Les filles du botaniste (Chinese: 植物园, Botanic Garden) is a French and Canadian film, with the background set as in China. It was released in 2006. Its English title is The Chinese Botanist's Daughters.

Plot
Set in China in the 1980s or 1990s, the film tells the story of Li Ming, a young orphan of the Tangshan earthquake, who leaves to study at the home of a renowned botanist. A secretive man and commanding father, he lives on an island that he has transformed into a luxurious garden. Anxious to share this solitary life, his daughter, An, welcomes with joy the arrival of the female student. Soon their friendship develops into a sensual, but forbidden attraction.

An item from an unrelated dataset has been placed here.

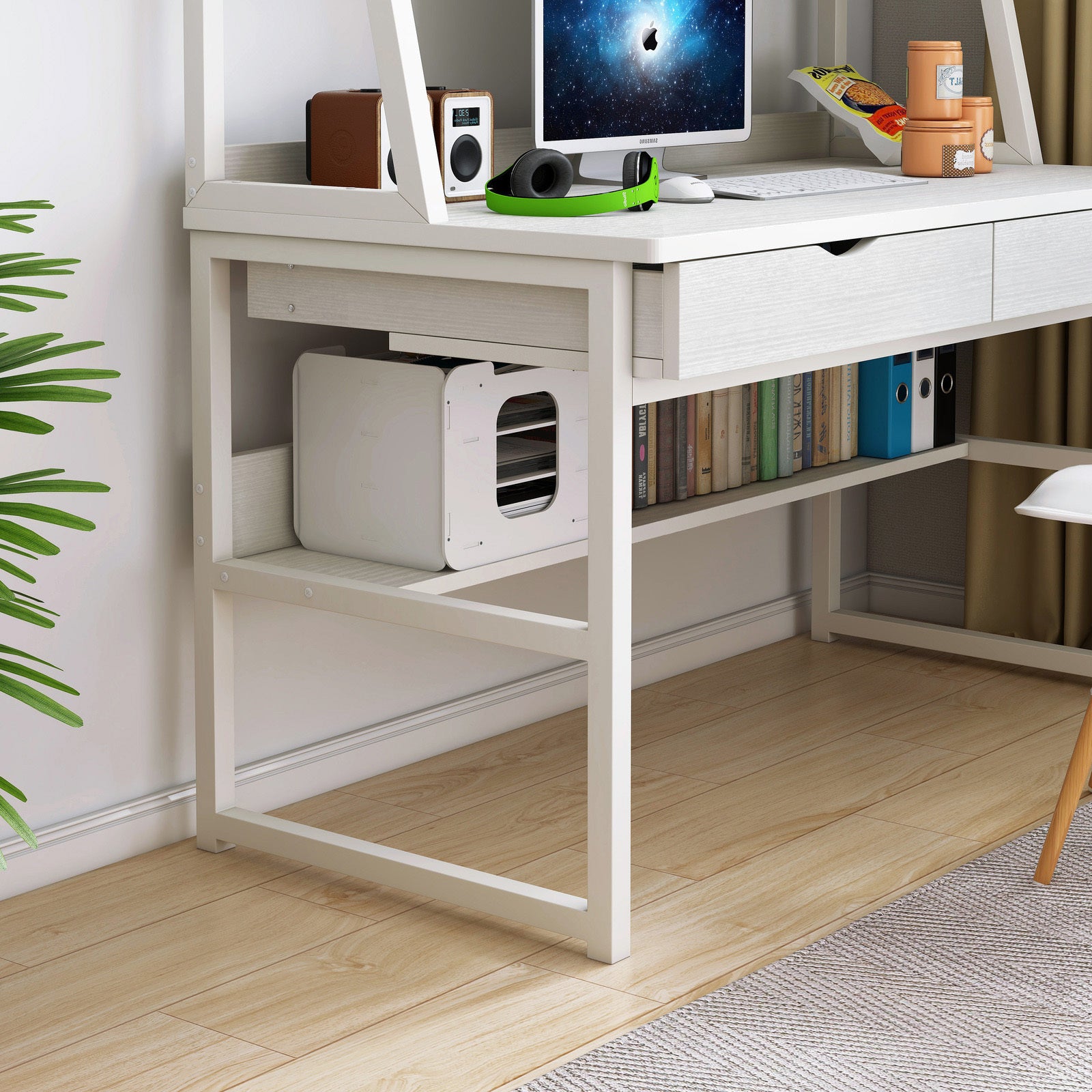 Enterprise Large Computer Desk Workstation with Shelves & Drawers (White)

Incapable of separating themselves, Ming and An create a dangerous arrangement to be able to continue spending their lives together: Ming marries An's brother, who is a People's Liberation Army (PLA) soldier and cannot bring his wife with him. However, An and Ming's relationship is discovered by the botanist who has a heart attack when he finds out. Before he dies, he tells police that it was his daughter and daughter-in-law's homosexuality "disease" that killed him. Thus, An and Ming are sentenced to death by a court and executed.

Casting
 Mylène Jampanoï — Li Ming
 Li Xiaoran — An
 Dongfu Lin — Botanist

Controversies
Due to the sensitivity of the topic of homosexuality, this movie was not allowed to be shot in China. It was shot in northern Vietnam instead (mainly in Ba Vì and Hà Tây) to create a similar environment.

Awards and nominations
Montréal World Film Festival:
Best Artistic Contribution (Guy Dufaux, won)
People's Choice Award (Sijie Dai, won)
Grand Prix des Amériques (Sijie Dai, nominated)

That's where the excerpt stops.